Ever gotten high off motrin?

drugmesage

Yes, I have got one!

Well, kinda.

No.

Not really.

More like “anti drug research results” – because I’m skeptical about everything. Especially when they talk about altering consciousness with OTC meds. I myself haven’t had the pleasure of feeling stoned on ibuprofen. But then again, with my former pharmaceutical diet, my body would’ve received Motrin the way most Americans do if you offer them popcorn without butter. Still, I’ve heard you can catch a bliss buzz (especially with those horse pill sized RX ones). And recent research backs this up with the yes-and observache that the “high” might carry over to an emotional component – like helping those who’ve been socially spurned to handle the brain-pain of rejection better. The interesting thing in this study, however, was that women tended to handle the whole outcast reaction better than the dudes did.

In fact, the male subjects actually claimed to feel that emotional sting more so.

Some scientists surmise that this has to do with a sex disparity transpiring in the brain, but I really feel like they can’t say that until they test it across more cultures with more control groups. I say that because – well, what if it’s more simple than gender genes turning off and on feels? If our negative emotions are more close to the surface, we can acknowledge them a bit quicker. Some call that “self-awareness”. If we suppress them, it takes a bit more time to mine them out, evaluate them, run them through a battery of internal machination tests, self-flagellate over them, and then deal with them – by either getting pissed off or making peace with them. Since chicks tend to wear their estro-baggage right out in the open, of course those feelings are going to be quickly affected when a feel-good chemical’s suddenly added to the equation (assuming they’ve a low tolerance). For most hubristic dudes, though, that same thing will suddenly just rip the drapery off the emotional elephant in the room, hold his eyes open with Clockwork clamps, and point at it furiously.

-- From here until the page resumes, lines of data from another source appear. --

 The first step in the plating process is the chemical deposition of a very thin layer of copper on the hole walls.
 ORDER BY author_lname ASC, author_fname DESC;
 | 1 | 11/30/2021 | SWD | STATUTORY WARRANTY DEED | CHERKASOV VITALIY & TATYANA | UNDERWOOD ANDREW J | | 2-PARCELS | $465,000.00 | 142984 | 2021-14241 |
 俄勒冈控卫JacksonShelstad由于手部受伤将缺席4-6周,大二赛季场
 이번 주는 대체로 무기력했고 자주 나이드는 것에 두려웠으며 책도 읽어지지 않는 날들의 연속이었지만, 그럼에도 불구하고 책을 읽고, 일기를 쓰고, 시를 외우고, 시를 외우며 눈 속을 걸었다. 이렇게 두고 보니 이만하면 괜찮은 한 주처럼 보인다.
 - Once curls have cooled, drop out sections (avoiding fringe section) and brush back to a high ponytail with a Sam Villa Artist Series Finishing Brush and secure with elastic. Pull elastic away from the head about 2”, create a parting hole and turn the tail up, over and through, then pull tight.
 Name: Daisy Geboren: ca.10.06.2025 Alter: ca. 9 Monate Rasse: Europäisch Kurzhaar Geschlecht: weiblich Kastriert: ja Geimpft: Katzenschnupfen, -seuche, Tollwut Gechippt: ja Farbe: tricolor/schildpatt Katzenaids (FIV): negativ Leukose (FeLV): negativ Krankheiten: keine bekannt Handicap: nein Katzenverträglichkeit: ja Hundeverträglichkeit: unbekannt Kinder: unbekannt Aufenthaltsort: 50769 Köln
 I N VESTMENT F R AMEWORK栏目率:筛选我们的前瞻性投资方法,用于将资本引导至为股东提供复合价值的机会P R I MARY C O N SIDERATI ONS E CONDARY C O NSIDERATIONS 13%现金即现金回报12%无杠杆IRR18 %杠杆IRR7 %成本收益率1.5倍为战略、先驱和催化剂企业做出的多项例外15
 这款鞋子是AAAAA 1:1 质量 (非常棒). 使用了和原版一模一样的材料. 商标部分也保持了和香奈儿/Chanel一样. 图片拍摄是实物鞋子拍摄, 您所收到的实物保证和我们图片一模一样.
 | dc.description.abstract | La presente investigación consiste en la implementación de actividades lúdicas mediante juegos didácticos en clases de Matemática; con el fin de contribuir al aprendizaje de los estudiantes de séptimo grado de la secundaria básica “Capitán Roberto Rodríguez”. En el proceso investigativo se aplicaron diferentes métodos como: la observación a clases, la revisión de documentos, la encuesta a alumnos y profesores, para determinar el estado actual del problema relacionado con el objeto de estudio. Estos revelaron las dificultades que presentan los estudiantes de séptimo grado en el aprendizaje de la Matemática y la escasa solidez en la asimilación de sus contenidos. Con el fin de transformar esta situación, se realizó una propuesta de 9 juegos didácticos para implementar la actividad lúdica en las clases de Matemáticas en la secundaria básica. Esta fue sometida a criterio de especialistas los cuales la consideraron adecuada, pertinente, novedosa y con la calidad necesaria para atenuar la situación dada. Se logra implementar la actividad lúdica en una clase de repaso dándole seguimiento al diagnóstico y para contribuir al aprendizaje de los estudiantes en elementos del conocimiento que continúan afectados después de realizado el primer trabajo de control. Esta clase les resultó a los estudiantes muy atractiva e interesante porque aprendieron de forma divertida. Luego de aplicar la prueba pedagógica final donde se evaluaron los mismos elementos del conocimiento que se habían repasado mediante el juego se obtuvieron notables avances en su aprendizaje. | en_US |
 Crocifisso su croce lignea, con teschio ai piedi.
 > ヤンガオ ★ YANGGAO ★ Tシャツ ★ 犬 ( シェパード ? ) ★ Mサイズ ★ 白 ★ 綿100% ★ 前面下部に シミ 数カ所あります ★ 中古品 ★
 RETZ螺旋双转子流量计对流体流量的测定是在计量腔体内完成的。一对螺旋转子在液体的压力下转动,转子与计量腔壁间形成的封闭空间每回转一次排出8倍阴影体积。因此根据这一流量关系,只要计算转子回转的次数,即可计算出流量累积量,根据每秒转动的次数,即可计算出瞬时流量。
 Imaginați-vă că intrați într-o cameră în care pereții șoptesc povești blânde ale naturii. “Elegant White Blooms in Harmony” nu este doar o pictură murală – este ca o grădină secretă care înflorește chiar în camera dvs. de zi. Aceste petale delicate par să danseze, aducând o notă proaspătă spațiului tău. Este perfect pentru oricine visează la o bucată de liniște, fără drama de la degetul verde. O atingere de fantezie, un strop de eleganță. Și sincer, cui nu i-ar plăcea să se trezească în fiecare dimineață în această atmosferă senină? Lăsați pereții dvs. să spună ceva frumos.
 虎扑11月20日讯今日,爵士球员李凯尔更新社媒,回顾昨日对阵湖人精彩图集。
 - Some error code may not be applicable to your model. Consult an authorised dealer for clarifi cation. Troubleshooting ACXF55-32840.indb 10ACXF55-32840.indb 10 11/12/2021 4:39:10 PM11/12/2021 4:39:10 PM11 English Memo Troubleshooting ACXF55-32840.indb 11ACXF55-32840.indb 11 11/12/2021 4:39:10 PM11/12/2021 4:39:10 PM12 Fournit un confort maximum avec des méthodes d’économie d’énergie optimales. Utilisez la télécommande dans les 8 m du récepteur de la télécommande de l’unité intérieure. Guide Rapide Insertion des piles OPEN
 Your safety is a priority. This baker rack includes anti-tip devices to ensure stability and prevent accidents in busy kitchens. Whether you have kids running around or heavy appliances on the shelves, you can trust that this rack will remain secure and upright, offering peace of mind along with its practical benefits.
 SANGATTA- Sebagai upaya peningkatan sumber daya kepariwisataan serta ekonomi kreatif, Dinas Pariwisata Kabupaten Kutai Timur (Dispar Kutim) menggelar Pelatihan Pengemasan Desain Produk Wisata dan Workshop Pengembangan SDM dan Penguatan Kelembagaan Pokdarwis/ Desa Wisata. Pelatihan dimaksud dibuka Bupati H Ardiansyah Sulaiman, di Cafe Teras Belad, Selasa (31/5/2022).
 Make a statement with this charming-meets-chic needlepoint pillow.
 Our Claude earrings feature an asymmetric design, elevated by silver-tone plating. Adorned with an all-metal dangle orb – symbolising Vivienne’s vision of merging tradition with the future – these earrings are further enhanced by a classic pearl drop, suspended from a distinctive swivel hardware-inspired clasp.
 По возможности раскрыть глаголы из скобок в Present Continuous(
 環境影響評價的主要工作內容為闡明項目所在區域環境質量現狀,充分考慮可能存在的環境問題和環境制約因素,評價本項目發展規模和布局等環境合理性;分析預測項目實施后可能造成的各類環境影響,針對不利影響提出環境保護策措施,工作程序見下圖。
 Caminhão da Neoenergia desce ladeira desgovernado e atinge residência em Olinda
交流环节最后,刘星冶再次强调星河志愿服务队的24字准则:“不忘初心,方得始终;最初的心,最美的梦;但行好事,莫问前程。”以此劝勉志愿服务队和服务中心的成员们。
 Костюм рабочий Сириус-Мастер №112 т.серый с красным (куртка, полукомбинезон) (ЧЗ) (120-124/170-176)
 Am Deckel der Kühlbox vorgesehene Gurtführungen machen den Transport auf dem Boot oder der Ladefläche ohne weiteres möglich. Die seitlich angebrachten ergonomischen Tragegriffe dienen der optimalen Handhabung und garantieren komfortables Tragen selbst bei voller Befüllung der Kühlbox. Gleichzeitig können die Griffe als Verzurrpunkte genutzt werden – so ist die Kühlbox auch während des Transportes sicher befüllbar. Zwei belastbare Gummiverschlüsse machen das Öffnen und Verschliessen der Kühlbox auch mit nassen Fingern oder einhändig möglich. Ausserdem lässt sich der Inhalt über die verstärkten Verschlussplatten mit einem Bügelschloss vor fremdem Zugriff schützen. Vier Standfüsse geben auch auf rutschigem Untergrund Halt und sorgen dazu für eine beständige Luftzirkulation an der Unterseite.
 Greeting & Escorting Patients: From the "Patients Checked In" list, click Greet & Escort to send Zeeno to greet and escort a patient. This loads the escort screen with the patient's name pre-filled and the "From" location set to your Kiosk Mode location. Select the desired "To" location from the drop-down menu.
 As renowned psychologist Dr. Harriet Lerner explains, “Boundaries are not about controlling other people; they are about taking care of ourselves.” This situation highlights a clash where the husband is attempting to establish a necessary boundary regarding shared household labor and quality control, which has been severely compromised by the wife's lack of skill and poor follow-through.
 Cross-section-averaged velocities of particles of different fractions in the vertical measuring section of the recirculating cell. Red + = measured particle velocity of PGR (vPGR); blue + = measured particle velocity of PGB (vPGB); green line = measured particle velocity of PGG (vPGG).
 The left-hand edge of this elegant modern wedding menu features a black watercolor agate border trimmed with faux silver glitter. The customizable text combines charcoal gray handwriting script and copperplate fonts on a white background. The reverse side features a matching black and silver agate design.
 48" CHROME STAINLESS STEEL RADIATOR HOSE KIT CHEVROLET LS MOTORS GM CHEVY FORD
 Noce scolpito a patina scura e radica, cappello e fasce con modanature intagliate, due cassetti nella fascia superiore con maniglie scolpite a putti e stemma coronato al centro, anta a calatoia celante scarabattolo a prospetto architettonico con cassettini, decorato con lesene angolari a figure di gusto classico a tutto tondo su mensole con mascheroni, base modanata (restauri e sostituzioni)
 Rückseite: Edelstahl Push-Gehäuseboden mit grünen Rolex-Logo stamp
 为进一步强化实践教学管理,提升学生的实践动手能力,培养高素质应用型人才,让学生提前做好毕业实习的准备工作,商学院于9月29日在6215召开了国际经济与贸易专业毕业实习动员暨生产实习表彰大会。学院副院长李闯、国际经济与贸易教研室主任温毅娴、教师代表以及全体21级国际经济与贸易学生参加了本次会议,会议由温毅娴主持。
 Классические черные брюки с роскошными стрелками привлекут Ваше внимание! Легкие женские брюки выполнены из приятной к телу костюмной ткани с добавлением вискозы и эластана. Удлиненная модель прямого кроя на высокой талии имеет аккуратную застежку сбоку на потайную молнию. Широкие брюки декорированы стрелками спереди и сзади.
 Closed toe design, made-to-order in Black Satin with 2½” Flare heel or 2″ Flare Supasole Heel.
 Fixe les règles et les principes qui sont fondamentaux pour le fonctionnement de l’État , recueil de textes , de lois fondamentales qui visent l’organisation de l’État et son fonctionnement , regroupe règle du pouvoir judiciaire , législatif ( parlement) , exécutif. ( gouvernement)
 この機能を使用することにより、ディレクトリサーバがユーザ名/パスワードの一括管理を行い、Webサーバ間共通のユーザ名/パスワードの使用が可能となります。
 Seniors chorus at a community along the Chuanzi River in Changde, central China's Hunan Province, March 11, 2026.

Analgesics have a way of making us feel more open-hearted.

That’s why cokeheads who’ve just met will concoct plans to travel to France together, bonding over blow like it’s the spaghetti from Lady and the Tramp. And while getting even a taste of this feeling sans narcotics sounds lovely, the problem is always that the brain police come to break up the party. And if you’re not used to such sentiment, the feeling fuzz arrives with nightsticks of neuroses and paranoia pepperspray and cognitive dogs on leashes.

assume

We self-analyze all thoughts and feelings – often till we go homicidal on our own happiness.

So, with dudes, that inner inquisitor wants to know “what does this mean for me?” and its social programming replies “Oh, that you’re a pussy. Better go smash something.” If we were some androgynous no-gender-expectache society – not one whose pledge of allegiance is to the “you can’t sit with us” of the “do you even lift bro?” – this study would’ve ended up a lot differently. Maybe motrin mentally alters our current sitch, but the “his and hers” differences can’t be generalized from within our social construct. Not saying we should change anything.

Just sayin’… science might be crediting the equipment for a software problem.